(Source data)
------------------------------

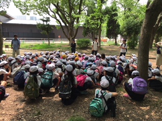 大阪城公園に着きました。今からお弁当を食べます。
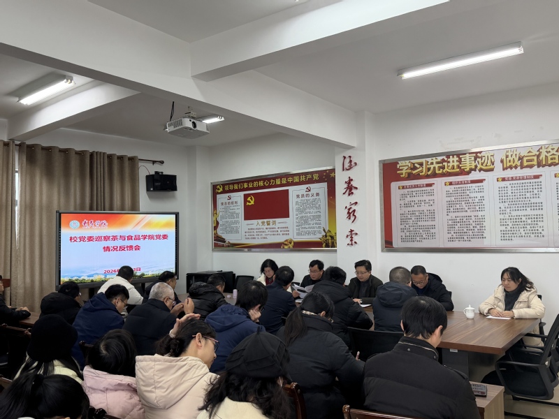 1月23日上午,校党委巡察茶与食品学院党委情况反馈会在屏山11-301会议室召开。校党委巡察组组长祁少华、副组长张知惟及巡察办有关同志出席会议,会议由茶与食品学院党委书记施晓莉主持。
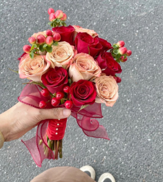 夜上海论坛2支粉绣球+1支蓝绣球+10支香槟玫瑰混搭花束 |
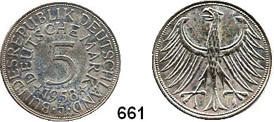 0661. B U N D E S R E P U B L I K 5 Mark 1958 J. Jaeger 387. Bundesrepublik Katalogseite Auktion: 170 Losnummer: 0661 Erhaltung: Sehr schön Literaturnummer: 387 Schätzpreis: 200,00 € Zuschlag: 220,00 €
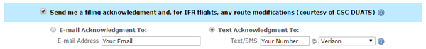 This enhancement, made possible by CSC DUATS, is available to all iFlightPlanner members regardless of one's membership type! Simply check the appropriate box on the flight plan filing screen in iFlightPlanner for iPad or iFlightPlanner.com (shown) and messages will be sent via email or text accordingly.
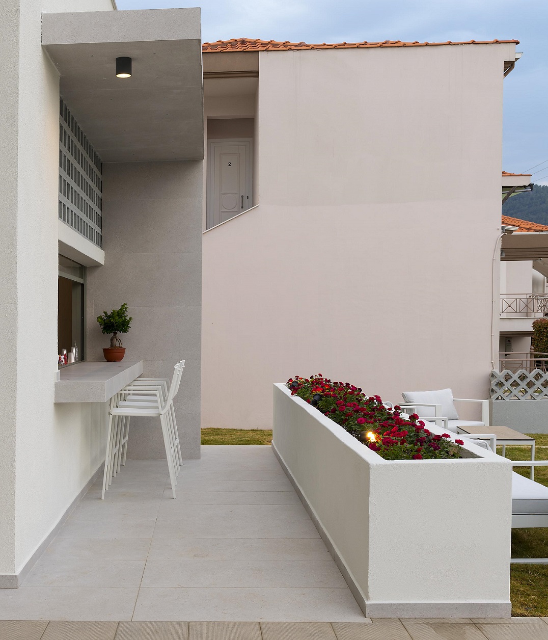 Ένα μοντέρνο, φιλόξενο, μοναδικό κατάλυμα, ιδανικό για αξέχαστη διαμονή στη Θάσο. Χαλαρώστε σε κάποιο από τα πλήρως εξοπλισμένα και καλόγουστα δίκλινα δωμάτια, τα studio ή τα διαμερίσματα, απολαύστε στιγμές δροσιάς στην πισίνα, κάντε μια βόλτα στον κήπο, πιείτε το cocktail σας στο bar.
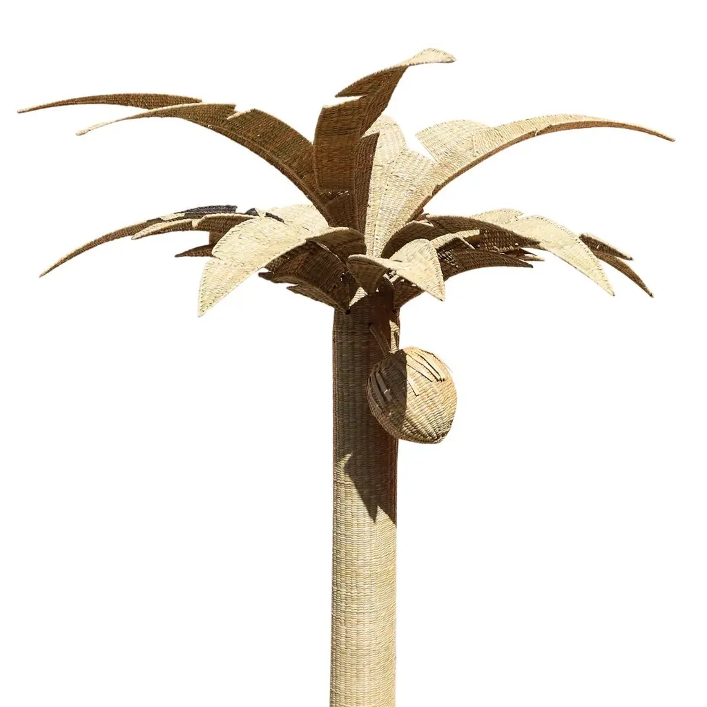 Life size sculpture of a palm tree with a coconut crafted in wicker or reed wrapped over a metal frame with impressive stylized presence. From the FS Flores Collection designed and offered exclusively by F.S. Henemader Antiques.
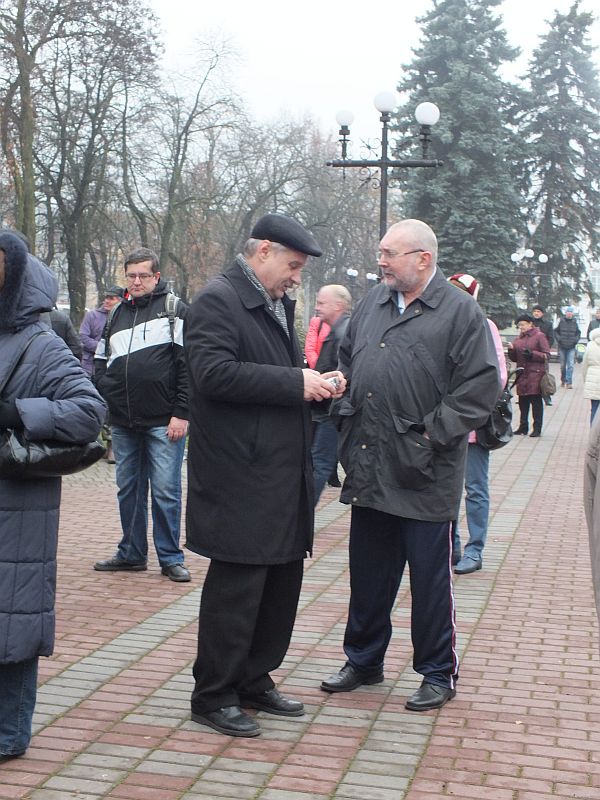 Як вже повідомлялося, організаторами заходу виступили чернігівська громадська організація "Апельсин" та чернігівський осередок Демократичного Альянсу. І хоча організації більше молодіжні, на чернігівському євромайдані спочатку було більше людей старшого та пенсійного віку.

------------------------------

● PROMPT
The records above are to be set down exactly as written, with no images.

● REPLY
 大阪城公園に着きました。今からお弁当を食べます。
 1月23日上午,校党委巡察茶与食品学院党委情况反馈会在屏山11-301会议室召开。校党委巡察组组长祁少华、副组长张知惟及巡察办有关同志出席会议,会议由茶与食品学院党委书记施晓莉主持。
 夜上海论坛2支粉绣球+1支蓝绣球+10支香槟玫瑰混搭花束 |
 0661. B U N D E S R E P U B L I K 5 Mark 1958 J. Jaeger 387. Bundesrepublik Katalogseite Auktion: 170 Losnummer: 0661 Erhaltung: Sehr schön Literaturnummer: 387 Schätzpreis: 200,00 € Zuschlag: 220,00 €
 This enhancement, made possible by CSC DUATS, is available to all iFlightPlanner members regardless of one's membership type! Simply check the appropriate box on the flight plan filing screen in iFlightPlanner for iPad or iFlightPlanner.com (shown) and messages will be sent via email or text accordingly.
 Ένα μοντέρνο, φιλόξενο, μοναδικό κατάλυμα, ιδανικό για αξέχαστη διαμονή στη Θάσο. Χαλαρώστε σε κάποιο από τα πλήρως εξοπλισμένα και καλόγουστα δίκλινα δωμάτια, τα studio ή τα διαμερίσματα, απολαύστε στιγμές δροσιάς στην πισίνα, κάντε μια βόλτα στον κήπο, πιείτε το cocktail σας στο bar.
 Life size sculpture of a palm tree with a coconut crafted in wicker or reed wrapped over a metal frame with impressive stylized presence. From the FS Flores Collection designed and offered exclusively by F.S. Henemader Antiques.
 Як вже повідомлялося, організаторами заходу виступили чернігівська громадська організація "Апельсин" та чернігівський осередок Демократичного Альянсу. І хоча організації більше молодіжні, на чернігівському євромайдані спочатку було більше людей старшого та пенсійного віку.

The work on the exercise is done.